C. MISCELLANEOUS PROVISIONS.
(i) CONSUMMATION OF TRANSACTIONS. The Transaction Agreements shall be
prepared and executed as soon as practicable.
(ii) CONFIDENTIALITY: PUBLIC ANNOUNCEMENTS. Each party shall maintain
the confidentiality of and shall not disclose any of the terms of this Letter of
Intent (including its existence or the fact that the parties are in
negotiations) and any other information related to the other party, or its
representatives or affiliates, except to the extent required by law (provided
that any party so required shall provide the other party with the contents of
such disclosure as soon as reasonably practicable prior to making such
disclosure), for a period of two (2) years. It is understood that all press
releases or other public communications of any sort relating to this Letter of
Intent or the transactions contemplated herein, including the method of release
for publication thereof, shall be subject to the written approval of each of the
parties hereto; provided, however, that the parties shall be entitled to make
such disclosures as may be required pursuant to applicable law or the lawful
requirements of any governmental agency or by order of a court of competent
jurisdiction.
(iii) EXCLUSIVITY. The parties agree that they shall not negotiate with
any other third parties (other than affiliates thereof) with respect to the
issues contained herein for a period of forty-five (45) days from and after the
execution of this Letter of Intent unless the Transaction Agreements are not
executed within twenty (20) days after the date hereof, in which event this
provision shall be of no effect.
(iv) NOTICES. All notices or other information deemed required or
necessary to be given to any of the parties shall be given at the following
addresses.
INFRARED SYSTEMS INTERNATIONAL
Mr. Gary Ball
President and Director
15 N. Longspur Drive
The Woodlands, TX 77380
T: 281-419-1955
WITH A COPY TO:
Edward T. Swanson, Esq.
2071 N. Altadena Drive
Altadena, CA 91001
T: 310-283-1035
PRPM
Propalms, Inc.
Unit 4
Park Farm Courtyard
Easthorpe
Malton
North Yorkshire Y017 6QX
United Kingdom
T: 44-1653-696060
WITH A COPY TO:
________________________
________________________
________________________
________________________
Kimberly L. Graus, Esq.
4949 SR 64 E, #141
Bradenton, Fl. 34208
T: 941-747-5290
WILLIAM WRIGHT
________________________
________________________
________________________
________________________
WITH A COPY TO:
________________________
________________________
________________________
________________________
(v) GOVERNING LAW. The transactions which are contemplated herein, to
the extent permitted, shall be governed by and construed in accordance with the
laws of the State of Nevada.
(iv) ACCESS TO BOOKS AND RECORDS. Each party and its agents, attorneys
and representatives shall have full access to the property, books and records of
the other party (the confidentiality of which the investigating party agrees to
retain) for purposes of conducting due diligence.
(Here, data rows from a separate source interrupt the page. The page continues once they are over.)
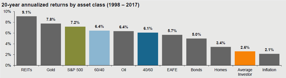 The single biggest value-add advisors can bring to the table is behavioral coaching. Poor investment behaviors – bailing on an investment plan at exactly the wrong time, going all-in on that hot tech stock at the top, reacting to talking heads on CNBC – result in the average investor underperforming over time.
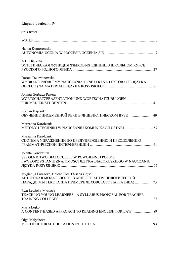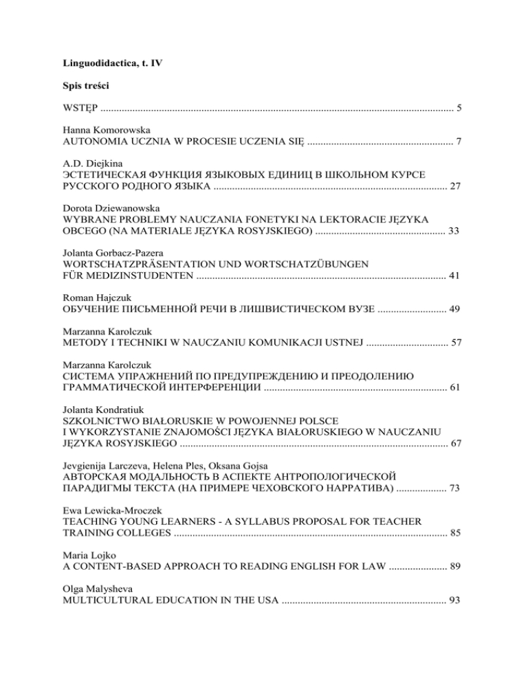 Linguodidactica, t. IV Spis treści WSTĘP ..................................................................................................................................... 5 Hanna Komorowska AUTONOMIA UCZNIA W PROCESIE UCZENIA SIĘ ....................................................... 7 A.D. Diejkina ЭСТЕТИЧЕСКАЯ ФУНКЦИЯ ЯЗЫКОВЫХ ЕДИНИЦ В ШКОЛЬНОМ КУРСЕ РУССКОГО РОДНОГО ЯЗЫКА ........................................................................................ 27 Dorota Dziewanowska WYBRANE PROBLEMY NAUCZANIA FONETYKI NA LEKTORACIE JĘZYKA OBCEGO (NA MATERIALE JĘZYKA ROSYJSKIEGO) ................................................. 33 Jolanta Gorbacz-Pazera WORTSCHATZPRÄSENTATION UND WORTSCHATZÜBUNGEN FÜR MEDIZINSTUDENTEN .............................................................................................. 41 Roman Нajczuk ОБУЧЕНИЕ ПИСЬМЕННОЙ РЕЧИ В ЛИШВИСТИЧЕСКОМ ВУЗЕ .......................... 49 Marzanna Karolczuk METODY I TECHNIKI W NAUCZANIU KOMUNIKACJI USTNEJ ............................... 57 Marzanna Кarolczuk СИСТЕМА УПРАЖНЕНИЙ ПО ПРЕДУПРЕЖДЕНИЮ И ПРЕОДОЛЕНИЮ ГРАММАТИЧЕСКОЙ ИНТЕРФЕРЕНЦИИ ..................................................................... 61 Jolanta Kondratiuk SZKOLNICTWO BIAŁORUSKIE W POWOJENNEJ POLSCE I WYKORZYSTANIE ZNAJOMOŚCI JĘZYKA BIAŁORUSKIEGO W NAUCZANIU JĘZYKA ROSYJSKIEGO ..................................................................................................... 67 Jevgienija Larczeva, Helena Ples, Oksana Gojsa АВТОРСКАЯ МОДАЛЬНОСТЬ В АСПЕКТЕ АНТРОПОЛОГИЧЕСКОЙ ПАРАДИГМЫ ТЕКСТА (НА ПРИМЕРЕ ЧЕХОВСКОГО НАРРАТИВА) ................... 73 Ewa Lewicka-Mroczek TEACHING YOUNG LEARNERS - A SYLLABUS PROPOSAL FOR TEACHER TRAINING COLLEGES ....................................................................................................... 85 Maria Lojko A CONTENT-BASED APPROACH TO READING ENGLISH FOR LAW ...................... 89 Olga Malysheva MULTICULTURAL EDUCATION IN THE USA .............................................................. 93 Anna Mietluk TRANSKRYPCJA FONETYCZNA W SŁOWNIKU WIELOJĘZYCZNYM .................... 97 Żanna Pyłkowsкa ПОДЪЯЗЫК НАУКИ НА ПРАКТИЧЕСКИХ ЗАНЯТИЯХ ПО РУССКОМУ ЯЗЫКУ ДЛЯ СТУДЕНТОВ-ФИЛОЛОГОВ .................................................................................. 105 Natalja Rudenko УМОВНА МОДАЛЬНIСТЬ I ЗАСОБИ Ï ВИРАЖЕННЯ ............................................... 109 Anna Stelmaszuk СИНТАКСИЧЕСКИЕ ЕДИНИЦЫ И МЕСТО СРЕДИ НИХ СЛОЖНОГО ПРЕДЛОЖЕНИЯ ........................................................................................ 117 Nadjeżda Sulimienko МЕНТАЛЬНОСТЬ СОВРЕМЕННИКА В ЕЕ ТЕКСТОВОМ ВОПЛОЩЕНИИ (ЛЕКСИЧЕСКИЙ АСПЕКТ) ............................................................................................. 127 Dorota Szymaniuk TEACHING ENGLISH INTONATION TO POLISH STUDENTS (EXERCISES FOR ELEMENTARY LEVEL) ........................................................................................... 135 Robert Szymula SŁOWNICTWO SYSTEMU TEZAURUSÓW BIBLIOTEKI SEJMOWEJ NA PRZYKŁADZIE MIKROTEZAURUSA "OŚWIATA" ............................................. 141 Rimma Teremowа СИСТЕМА МИКРОПОЛЕЙ ПРЯМОГО ПРИЧИННОГО ОБОСНОВАНИЯ В СОВРЕМЕННОМ РУССКОМ ЯЗЫКЕ ........................................................................ 147 Carolyn Trotman Radecki THE FIRST STEPS TOWARDS REDESIGNING A THIRD (FINAL) YEAR SPEAKING COURSE AT A TEACHERS TRAINING COLLEGE ...................................................... 153 Valenтina Vegvari ИСПОЛЬЗОВАНИЕ РЕКЛАМ В ОБУЧЕНИИ ИНОСТРАННОМУ ЯЗЫКУ ............. 167 Hanna Voronicz СЛОВОЗМIННI ФОРМИ YКPAÏHCЬKОÏ МОВИ В АРЕАЛЬНОМУ АСПЕКТI ...... 171 METODOLOGIA SPECJALISTYCZNEGO (MEDYCZNEGO) JĘZYKA OBCEGO GDAŃSK 14-16.09.2000 ..................................................................................................... 175 Jan Zaniewski, Anna Stelmaszuk, Zdzisław Jaroszewicz PROCES KSZTAŁTOWANIA I ROZWOJU TWÓRCZEJ AKTYWNOŚCI STUDENTÓW-MEDYKÓW NA LEKTORACIE JĘZYKA OBCEGO ............................ 175 Urszula Kokot TRUDNOŚCI W PERCEPCJI TEKSTÓW MEDYCZNYCH ORAZ METODY ICH POKONYWANIA ....................................................................................................... 183 Anna Stelmaszuk ПРОБЛЕМЫ ТЕКСТООБРАЗОВАНИЯ В ВЫСШЕЙ ШКОЛЕ ................................... 191 Joanna Rak ROLA KWESTIONARIUSZA W METODOLOGII JĘZYKA OBCEGO SPECJALISTYCZNEGO .................................................................................................... 199 Jolanta Gorbacz-Pazera HORYZONTALNY I WERTYKALNY PODZIAŁ JĘZYKA SPECJALISTYCZNEGO MEDYCYNY ....................................................................................................................... 207 Danuta Budzyń-Słota PRAKTYCZNE ZASTOSOWANIE MATERIAŁÓW ŹRÓDŁOWYCH JAKO NARZĘDZIA ROZWIJANIA ZINTEGROWANYCH UMIEJĘTNOŚCI JĘZYKOWYCH ORAZ ŚWIADOMOŚCI JĘZYKOWEJ I AUTONOMII UCZĄCYCH SIĘ JĘZYKA OBCEGO SPECJALISTYCZNEGO ................................................................... 215 RECENZJE, OMÓWIENIA I SPRAWOZDANIA ............................................................. 227
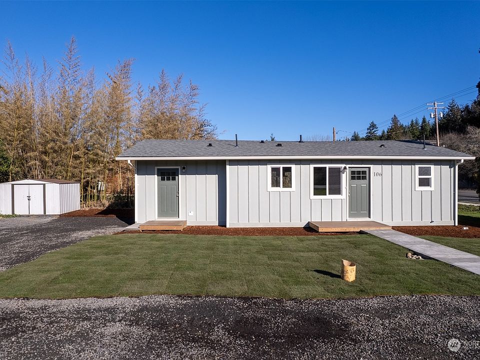 Newly remodeled home done right. From curb appeal to comfort you will love this one! This single level home has just gone through a remodel of a lifetime and now ready for a new buyer to reap all the advantages. Outside, offers large parking with metal shed, new board and bat siding--new vinyl windows--new 30 year composition roof--New sewer/waterlines from city to home--new insulation in walls/floor/attic--all new electrical throughout including connection from city, panel, plugs, switches and more. Home offers open concept with vinyl flooring, white shaker kitchen cabinets, SS/appliances. Large utility room w/separate entry-- Double sink bath vanity with fresh interior/exterior paint--with a ductless heating system. A must see!
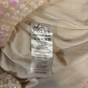 Oh Polly White Sequin Mini Dress SZ 8 Spaghetti Strap, Cross Back, Lined, Bridal
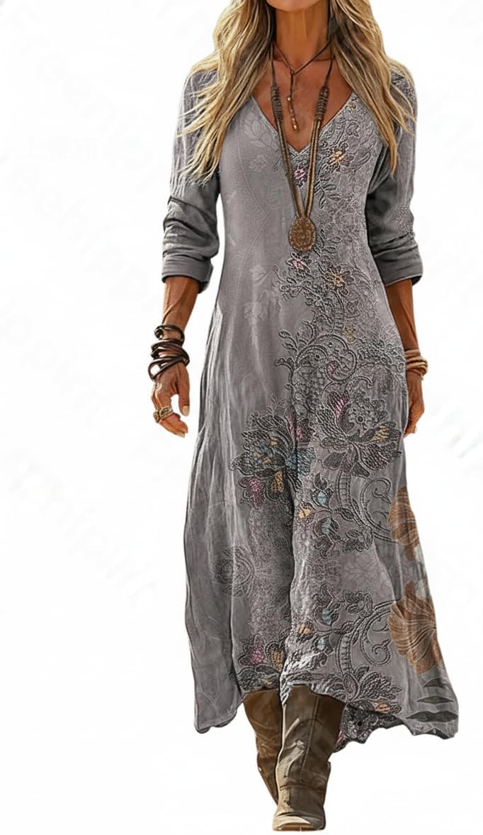 Women's Bohemian A-Line Maxi Dress, Vintage Floral Print Long Sleeve Loose Fit Flowy Casual Dress for Spring Summer
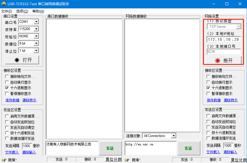 4、USR-TCP232-TEST串口調(diào)試助手軟件官網(wǎng)下載鏈接:http://www.0575400.com/Download/27.html
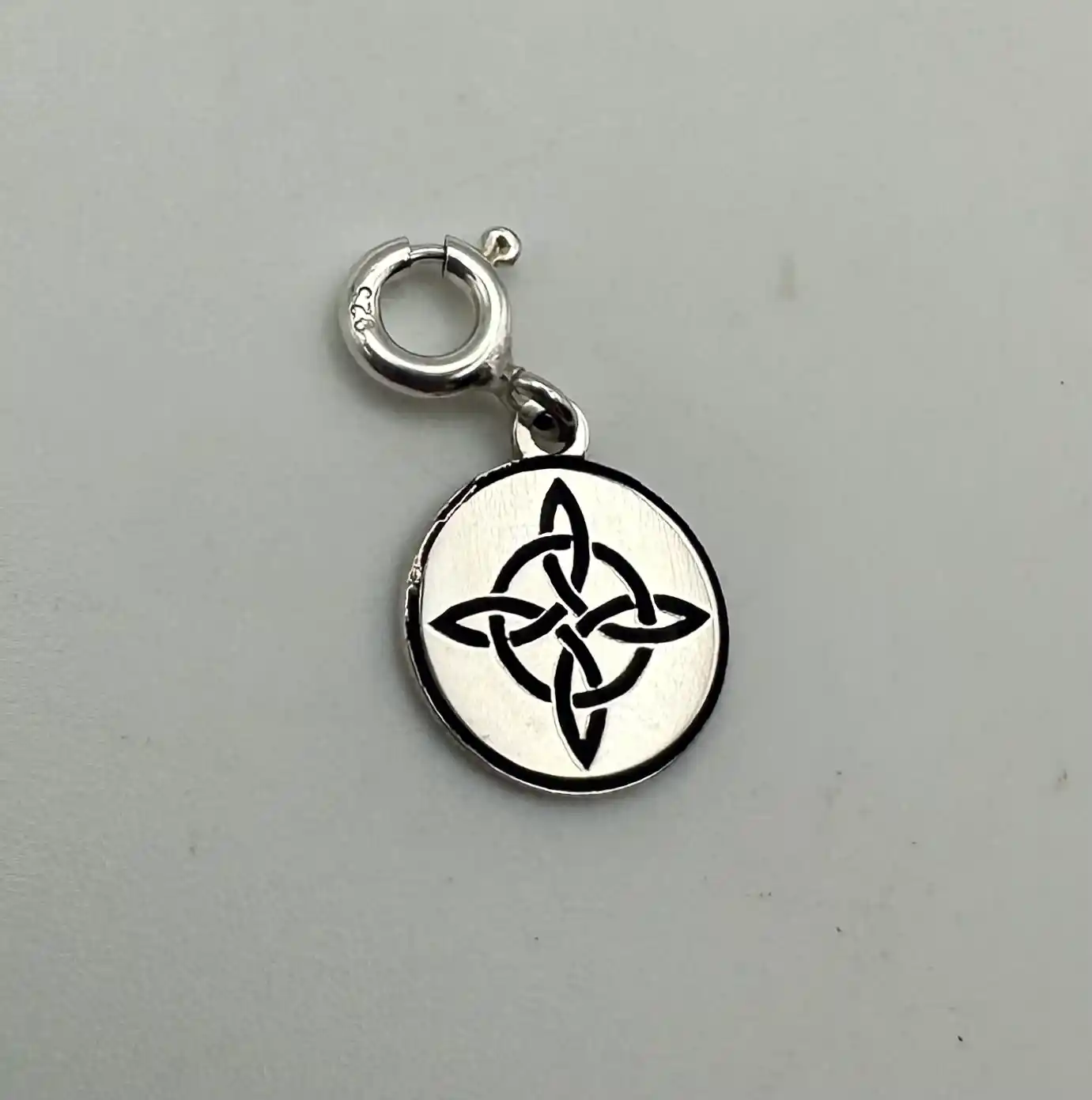 Un dije es una pieza de joyería decorativa que se cuelga de una cadena o pulsera y, además de su función estética, puede tener un profundo significado simbólico, como es en este caso el del Nudo de Bruja que simboliza protección.

(v) COUNTERPARTS. This Letter of Intent may be executed in any number
of counterparts and each such counterpart shall be deemed to be an original
instrument, but all of such counterparts together shall constitute one
agreement.
(vi) CONFIDENTIAL INFORMATION. As used in this Letter of Intent,
"Confidential Information" means all nonpublic information disclosed by the one
party or its agents to the other that is designated as confidential or that,
given the nature of the information or the circumstances surrounding its
disclosure, reasonably should be considered as confidential. Confidential
Information includes, without limitation (i) nonpublic information relating to
the party's technology, customers, business plans, promotional and marketing
activities, finances and other business affairs, and (ii) third-party
information that the party is obligated to keep confidential.
The parties may use Confidential Information only in pursuance of its
business relationship with the other party. Except as expressly provided in this
Letter of Intent, neither party will disclose Confidential Information to anyone
without the other party's prior written consent, provided however, that consent
is granted for the parties disclosure of such confidential information to their
respective attorney's and accountants, where necessary. Each party will take all
reasonable measures to avoid disclosure, dissemination or unauthorized use of
Confidential Information, including, at a minimum, those measures it takes to
protect its own confidential information of a similar nature.
IFRS intellectual property contains information subject to foreign
disclosure restrictions under ITAR (International Traffic in Arms Control
Regulation). All technical information for any and all Infrared Applications is
transferred and protected under the subsidiary IFRS Sub, and the direct
custodial care of Gary E. Ball.
(vii) EFFECT OF THIS LETTER OF INTENT. This Letter of Intent is
intended merely as a guide in the negotiations and preparation of the Agreement
on terms and conditions satisfactory to the parties hereto, and nothing
contained herein shall be construed to preclude other provisions from being
included in the Agreement, provided that such other provisions are consistent
with the content of this Letter of Intent and otherwise satisfactory to the
parties hereto. While the parties intend to proceed promptly to complete and
execute the Agreement, it is expressly understood that this is a Letter of
Intent only, and no liability or obligation of any nature whatsoever is intended
to be created between either of the parties hereto except as set forth in
Paragraphs C(ii) (Confidentiality), C(iii) (Exclusivity) and C((vii)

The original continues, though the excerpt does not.